Considered alternatives

In-container proxy (root inside the agent container)

Run cred-proxy as PID 1 of the agent container, listening on 127.0.0.1:<PORT>, with claude exec'd as node (UID 1000) only after the proxy is bound. The boundary in that shape is the kernel's cross-UID ptrace_may_access check — node cannot read root's /proc/<pid>/environ and cannot ptrace attach.

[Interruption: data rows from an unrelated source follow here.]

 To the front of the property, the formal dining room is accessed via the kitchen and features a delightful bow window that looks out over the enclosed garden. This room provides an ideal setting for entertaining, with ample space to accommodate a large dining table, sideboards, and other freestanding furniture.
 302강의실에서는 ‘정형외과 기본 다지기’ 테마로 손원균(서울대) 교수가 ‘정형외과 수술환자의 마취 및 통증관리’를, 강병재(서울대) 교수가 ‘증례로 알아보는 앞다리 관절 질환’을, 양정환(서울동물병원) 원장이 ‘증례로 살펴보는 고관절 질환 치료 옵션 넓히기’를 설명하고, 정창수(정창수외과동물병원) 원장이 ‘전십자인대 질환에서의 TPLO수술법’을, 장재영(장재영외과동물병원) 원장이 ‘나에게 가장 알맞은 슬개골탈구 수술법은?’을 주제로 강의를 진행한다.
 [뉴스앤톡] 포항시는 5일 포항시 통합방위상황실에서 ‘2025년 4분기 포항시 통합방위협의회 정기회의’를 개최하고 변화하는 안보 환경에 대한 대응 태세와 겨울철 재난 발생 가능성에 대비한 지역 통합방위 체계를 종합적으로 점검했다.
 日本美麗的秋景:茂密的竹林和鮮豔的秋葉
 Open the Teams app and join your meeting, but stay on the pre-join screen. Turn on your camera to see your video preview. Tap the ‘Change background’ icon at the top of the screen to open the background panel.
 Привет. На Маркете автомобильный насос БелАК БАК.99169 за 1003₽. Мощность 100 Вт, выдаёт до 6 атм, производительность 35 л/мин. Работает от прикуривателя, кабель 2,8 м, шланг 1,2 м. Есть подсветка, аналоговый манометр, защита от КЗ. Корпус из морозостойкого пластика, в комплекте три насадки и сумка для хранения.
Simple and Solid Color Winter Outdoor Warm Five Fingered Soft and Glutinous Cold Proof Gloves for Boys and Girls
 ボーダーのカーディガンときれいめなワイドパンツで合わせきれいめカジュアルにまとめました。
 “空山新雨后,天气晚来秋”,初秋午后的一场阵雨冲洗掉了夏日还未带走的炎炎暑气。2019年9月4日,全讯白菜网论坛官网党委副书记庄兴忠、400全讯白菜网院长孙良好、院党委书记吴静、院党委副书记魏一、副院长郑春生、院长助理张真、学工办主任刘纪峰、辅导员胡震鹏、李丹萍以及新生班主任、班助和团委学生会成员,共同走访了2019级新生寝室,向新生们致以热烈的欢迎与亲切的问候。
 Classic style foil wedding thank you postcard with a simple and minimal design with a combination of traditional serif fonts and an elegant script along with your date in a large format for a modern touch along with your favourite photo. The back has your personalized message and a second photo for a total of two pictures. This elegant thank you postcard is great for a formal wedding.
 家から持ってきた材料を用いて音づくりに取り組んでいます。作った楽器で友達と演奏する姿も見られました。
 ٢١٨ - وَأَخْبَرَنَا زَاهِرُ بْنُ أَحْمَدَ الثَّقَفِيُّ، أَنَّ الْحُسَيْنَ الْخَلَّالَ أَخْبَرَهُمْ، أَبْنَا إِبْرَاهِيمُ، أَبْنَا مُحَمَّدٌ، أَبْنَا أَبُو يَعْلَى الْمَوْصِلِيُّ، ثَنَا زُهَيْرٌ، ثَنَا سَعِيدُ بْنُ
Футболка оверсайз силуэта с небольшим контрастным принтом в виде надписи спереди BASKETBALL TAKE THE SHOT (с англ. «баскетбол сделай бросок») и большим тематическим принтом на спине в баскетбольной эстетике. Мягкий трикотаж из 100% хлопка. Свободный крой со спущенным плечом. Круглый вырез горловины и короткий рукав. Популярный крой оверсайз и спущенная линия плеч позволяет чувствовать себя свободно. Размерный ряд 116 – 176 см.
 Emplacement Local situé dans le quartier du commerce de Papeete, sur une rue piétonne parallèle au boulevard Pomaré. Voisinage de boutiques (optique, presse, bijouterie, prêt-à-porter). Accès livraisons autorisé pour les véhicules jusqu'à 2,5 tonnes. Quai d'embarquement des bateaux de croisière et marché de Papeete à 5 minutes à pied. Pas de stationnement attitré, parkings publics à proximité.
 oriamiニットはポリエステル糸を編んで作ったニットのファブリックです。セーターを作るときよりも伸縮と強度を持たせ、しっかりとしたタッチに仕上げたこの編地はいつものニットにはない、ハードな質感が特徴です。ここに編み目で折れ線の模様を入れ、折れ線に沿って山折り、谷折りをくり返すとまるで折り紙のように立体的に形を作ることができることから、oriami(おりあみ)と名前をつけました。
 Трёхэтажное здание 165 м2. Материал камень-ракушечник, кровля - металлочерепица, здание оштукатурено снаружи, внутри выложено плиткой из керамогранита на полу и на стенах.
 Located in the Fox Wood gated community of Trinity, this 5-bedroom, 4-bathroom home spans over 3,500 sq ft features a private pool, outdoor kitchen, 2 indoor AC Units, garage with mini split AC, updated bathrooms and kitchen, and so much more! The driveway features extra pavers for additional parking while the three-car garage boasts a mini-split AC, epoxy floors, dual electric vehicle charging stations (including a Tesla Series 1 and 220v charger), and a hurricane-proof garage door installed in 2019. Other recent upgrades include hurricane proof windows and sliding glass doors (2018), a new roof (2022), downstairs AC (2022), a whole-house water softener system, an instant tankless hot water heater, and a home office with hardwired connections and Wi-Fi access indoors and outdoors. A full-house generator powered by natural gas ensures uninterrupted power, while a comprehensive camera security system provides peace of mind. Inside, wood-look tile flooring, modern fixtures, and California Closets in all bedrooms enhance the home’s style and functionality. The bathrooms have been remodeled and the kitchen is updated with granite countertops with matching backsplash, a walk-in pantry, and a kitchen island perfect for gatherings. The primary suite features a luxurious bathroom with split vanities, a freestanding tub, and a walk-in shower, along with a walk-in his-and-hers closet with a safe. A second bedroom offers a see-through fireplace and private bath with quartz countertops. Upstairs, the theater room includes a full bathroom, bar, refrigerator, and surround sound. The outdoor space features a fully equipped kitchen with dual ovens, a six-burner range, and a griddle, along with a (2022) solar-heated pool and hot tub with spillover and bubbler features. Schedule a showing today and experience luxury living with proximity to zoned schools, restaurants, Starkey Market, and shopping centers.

Pros: one less container per bottle; slightly faster bottle startup; no extra docker create/start/stop dance.

Rejected because:

• Weaker isolation. The boundary collapses to UID separation alone. Any container-root compromise inside the agent (setuid bug in the image, accidentally mounted docker socket, a kernel CVE, accidental --privileged) reads the proxy's environ via /proc/<pid>/environ. The sidecar's namespace separation cannot be bypassed from inside the agent container without a container escape.
• Inconsistent with the existing topology. pipelock and git-gate are already sidecars on the bottle's internal network. cred-proxy slots into the same shape and reuses the same lifecycle abstractions (BottleBackend.prepare/start/stop, ExitStack ordering, plan rendering).
• Coupled to the agent image. The proxy binary, its entrypoint, and its priv-drop logic would all live in the agent's Dockerfile. A sidecar image evolves independently — agents can change base, language, or tooling without touching the proxy.
• PID-1 babysitting. The "proxy supervises, then exec setpriv → node" entrypoint introduces a class of issues (zombie reaping, signal forwarding, exit-code propagation) that the sidecar shape avoids.

Open questions

• Field name. Resolved during iteration: routes live at bottle.cred_proxy.routes (the nested object reserves room for per-bottle proxy settings later). Each route is independent; no Kind enum on the route. A role field drives the optional agent-side rewrites — see "Agent-side rewrites" in Scope.
• Python vs Go for the proxy. Default: Python, revisit during implementation if SSE pass-through is unreliable.
• Sidecar image base. Distroless (smallest, no shell — hardest to debug), Python slim (debuggable, larger), or scratch + a statically-linked Go binary (smallest if Go). Default: whatever fits the chosen language with the smallest non-shell base; revisit if debuggability bites during implementation.
• Belt-and-braces on outbound telemetry. Set CLAUDE_CODE_DISABLE_NONESSENTIAL_TRAFFIC=1 and DISABLE_ERROR_REPORTING=1 in the agent's environ by default? Default: yes — they don't route through ANTHROPIC_BASE_URL, so the proxy doesn't catch them; the flags are the only off switch.
• git push over a rewritten URL vs. credential-helper shim. [url "http://…"] insteadOf = "https://github.com/" captures push/fetch/clone/pull/ls-remote in one config knob; a credential helper would need separate wiring. Default: insteadOf.
• Token-refresh story for the Anthropic OAuth token. The token is ~1-year and there's no client-side refresh, so the proxy holds a static value. The 1-year blast radius is the cost, documented in claude-code-token-revocation.md. No design change here; flagged for awareness.
• anthropics/claude-code#36998. Older claude-code versions bypassed ANTHROPIC_BASE_URL for some startup calls (auth validation, org lookup). Marked closed upstream; the implementation PR verifies with strace -e connect against the pinned claude-code build before trusting the isolation.

References

• docs/research/agent-credential-proxy-landscape.md — landscape research; this PRD is the build path that note recommends.
• docs/research/secret-minimization-over-dlp.md — architectural framing: why moving the credential matters more than scanning egress.
• PRD 0006: pipelock TLS interception — the api.anthropic.com TLS-MITM responsibility cred-proxy takes over.
• PRD 0008: Git gate — the credential-broker pattern this PRD reuses (gate holds creds, agent gets a rewritten URL, gate makes the upstream connection).
• anthropics/claude-code#36998 — historic ANTHROPIC_BASE_URL bypass.
• go-gitea/gitea#16734 — why Gitea uses Authorization: token, not Bearer.
• golang/go#28866 — the HTTPS_PROXY loopback bug; not hit here because we're a reverse proxy, not a forward proxy.